Out of 533 healthcare personnel, the response rate was 88.8%. Most respondents were female (N=341, 64.2%), mean ± standard deviation (SD) age was 28.85 ±7.08 years, and mean ± SD length of service was 5.58 ± 5.78 years. Knowledge, attitudes and practices regarding standard precautions were poor, and only 37.5%, 46.7% and 46.3% of respondents had good knowledge, positive attitudes and safe practices, respectively. Healthcare personnel with >10 years of experience [adjusted odds ratio (AOR) 2.98, 95% confidence interval (CI) 1.60–5.55], previous infection control training (AOR 1.96, 95% CI 1.30–2.94), professional degrees (AOR 2.04, 95% CI 1.16–3.60), and availability of infection control guidelines in their work department were more likely to have good knowledge regarding standard precautions. The availability of infection control guidelines in the work department was also significantly associated with positive attitudes (AOR 2.83, 95% CI 1.76–4.56) and safe practices (AOR 3.46, 95% CI 1.94–6.14).

Conclusion

Knowledge, attitudes and practices of healthcare personnel regarding standard precautions were inadequate. Continuous education and certified training for healthcare personnel can improve infection control measures substantially in public healthcare settings.

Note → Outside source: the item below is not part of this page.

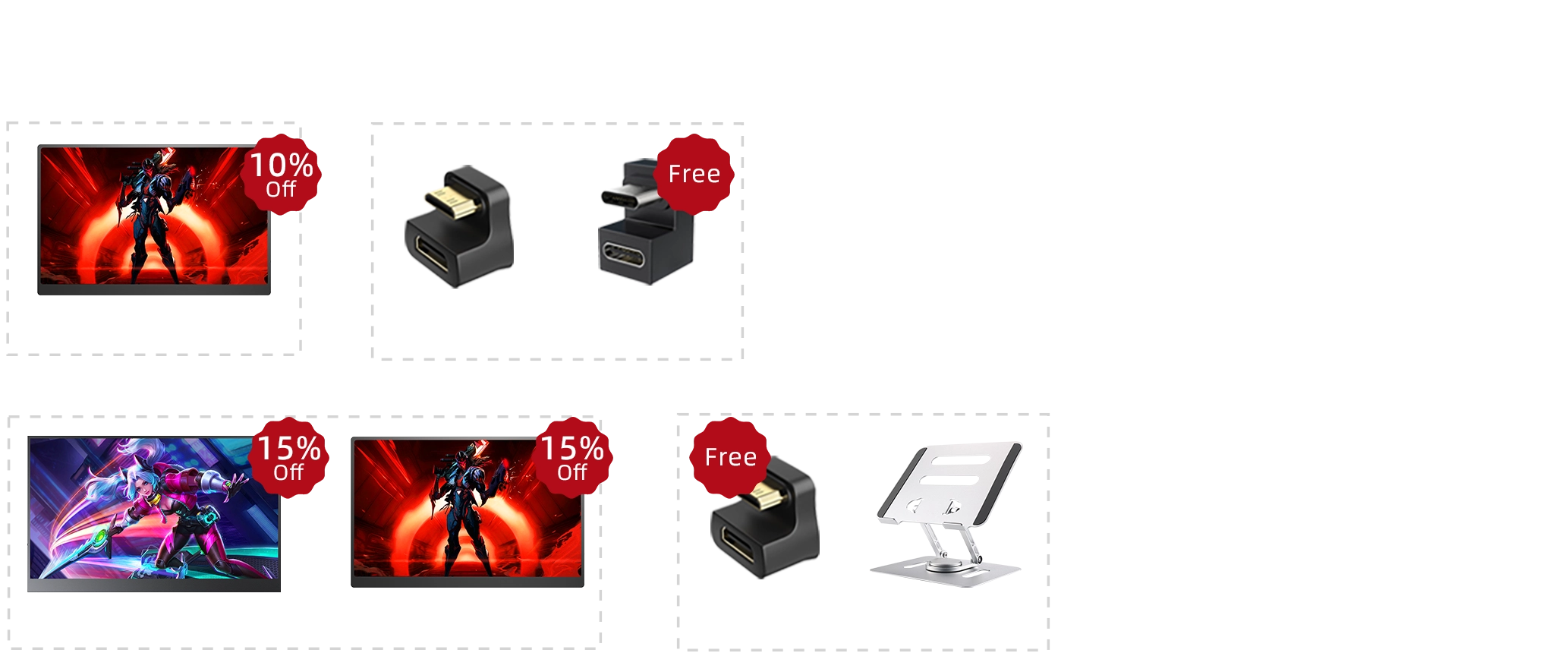 Buy one accessory and get one accessory free. There is no discount for orders that only purchase accessories separately. Accessories discounts can only be obtained when purchased in combination with the monitor.

背景:在卫生保健机构中,适当的感染控制可增加卫生保健相关感染,并使发病率和死亡率恶化。适用于所有疑似或确诊感染患者的标准预防措施可保护医护人员和患者。本研究旨在评估巴基斯坦旁遮普省三级医院医护人员关于标准预防措施的知识、态度和做法。方法本多中心横断面研究于2019年5月至7月进行,随机抽取6个城市三级医院的600名医护人员进行方便抽样。结果533名医护人员中,应答率为88.8%。女性居多(N=341, 64.2%),平均±标准差(SD)年龄为28.85±7.08岁,平均±SD工龄为5.58±5.78岁。受访者对标准预防措施的了解、态度和做法较差,分别只有37.5%、46.7%和46.3%的受访者对标准预防措施有良好的了解、积极的态度和安全的做法。具有10年经验的卫生保健人员[调整优势比(AOR) 2.98, 95%可信区间(CI) 1.60-5.55]、既往感染控制培训(AOR 1.96, 95% CI 1.30-2.94)、专业学位(AOR 2.04, 95% CI 1.16-3.60)以及其工作部门感染控制指南的可获得性更可能对标准预防措施有良好的了解。工作部门感染控制指南的可获得性也与积极态度(AOR 2.83, 95% CI 1.76-4.56)和安全操作(AOR 3.46, 95% CI 1.94-6.14)显著相关。结论卫生保健人员对标准预防措施的知识、态度和实践不足。对卫生保健人员的持续教育和认证培训可以大大改善公共卫生保健机构的感染控制措施。